L'Orchestra dell'Accademia di Santa Ceciliale le ha eseguite con attenzione, ben diretta dal Maestro Jakub Hrůša, con cui era evidente un feeling che è esploso soprattutto nella seconda parte del concerto con l'esecuzione della Suite da Romeo e Giulietta di Sergej Prokofiev, in cui il pubblico è stato coinvolto nella difficile complessità della partitura che in particolare archi, ottoni, fiati, hanno fatto risuonare in modo raffinato: questa composizione, che originò da un balletto scritto nel 1935 e che poi musicò in tre suite, l'ultima nel 1946. Il balletto fu messo in scena nel 1940 ma le suite hanno una vita propria e sono da sempre aclclamate in tutto il mondo. La suite prescelta è a cura del direttore Hrůša e comprende il Preludio (Balletto n.1); I Montecchi ed i Capuleti (Suite n. 2-1); La giovane Giulietta (Suite n. 2-2); Maschere (Suite n. 1-5); Romeo e Giulietta (Suite n. 1-6); La morte di Tebaldo (Suite n. 1-7); Romeo e Giulietta prima della separazione (Suite. n. 2-5); Romeo alla tomba di Giulietta (Suite n. 2-7); Morte di Giulietta (Balletto n. 52). Bisogna aggiungere nonchè sottolineare, che le due perle di suite furono scritte da Prokofiev che, tornato nel 1935 in Russia per amor di patria, trovò invece molti ostacoli e, visto che il balletto non raggiungeva il palcoscenico in Russia - la prima fu a Brno in Moravia nel 1938 - la prima suite fu composta per essere eseguita in sede sinfonica, che riuscì nel 1936 a Mosca nella Sala della Filarmonica.

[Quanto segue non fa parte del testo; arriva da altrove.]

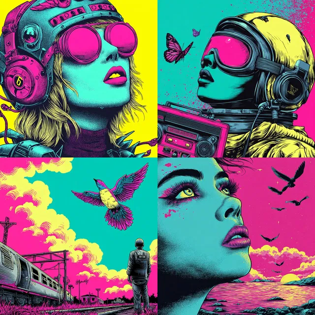 Ярко-неоновые цвета и чёткие контуры определяют этот стиль, в котором сочетаются влияние поп-арта и темы ретрофутуризма. Электрическая энергия и динамичная яркость создают поразительный визуальный эффект, напоминающий поп-культуру 1980-х годов и эстетику комиксов. Графическая точность и высокий контраст усиливают способность стиля передавать одновременно ностальгию и футуристичность.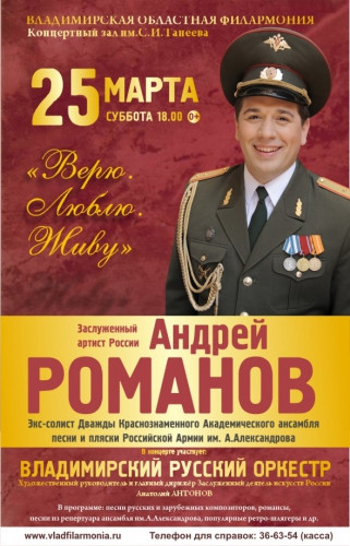 Во Владимирской областной филармонии с программой «Верю. Люблю. Живу» выступил новый солист Андрей Романов. Его драматический тенор умеет добраться до самой глубины человеческой души слушателя и вывернуть ее наизнанку.

Liriche e trascendenti, sognanti nelle loro suggestioni di un amore calpestato dall'insana rivalità tra le due famiglie dei Montecchi e dei Capuleti, Romeo e Giulietta strugge l'ascoltatore per inabissarlo nei suoi vertici fin dal primo tema dedicato a Giulietta, ondivago e leggero, per approdare al drammatico tema dei Capuleti che, torna, inquieto e notturno sia in Maschere sia in La morte di Tebaldo e che solo la leggiadria della fanciulla col suo impeto d'amore, può contrastare. Le marcette, come le danze, traducono gli avvicnamenti d'amore e gli incontri, come quello celebre del balcone; mentre i toni ostinati e ribattuti degli archi, con il picco assoluto della conosciutissima Dance of Knights (La danza dei cavalieri), tradiscono l'inquieta fine della tragedia annunciata da Shakespeare e ripresa da Prokofiev. Vertice assoluto di esecuzione dell'orchestra, ha chiuso il concerto in un tripudio meritatissimo, evidenziato dal pubblico in un abbraccio magniloquente tradotto in applauso.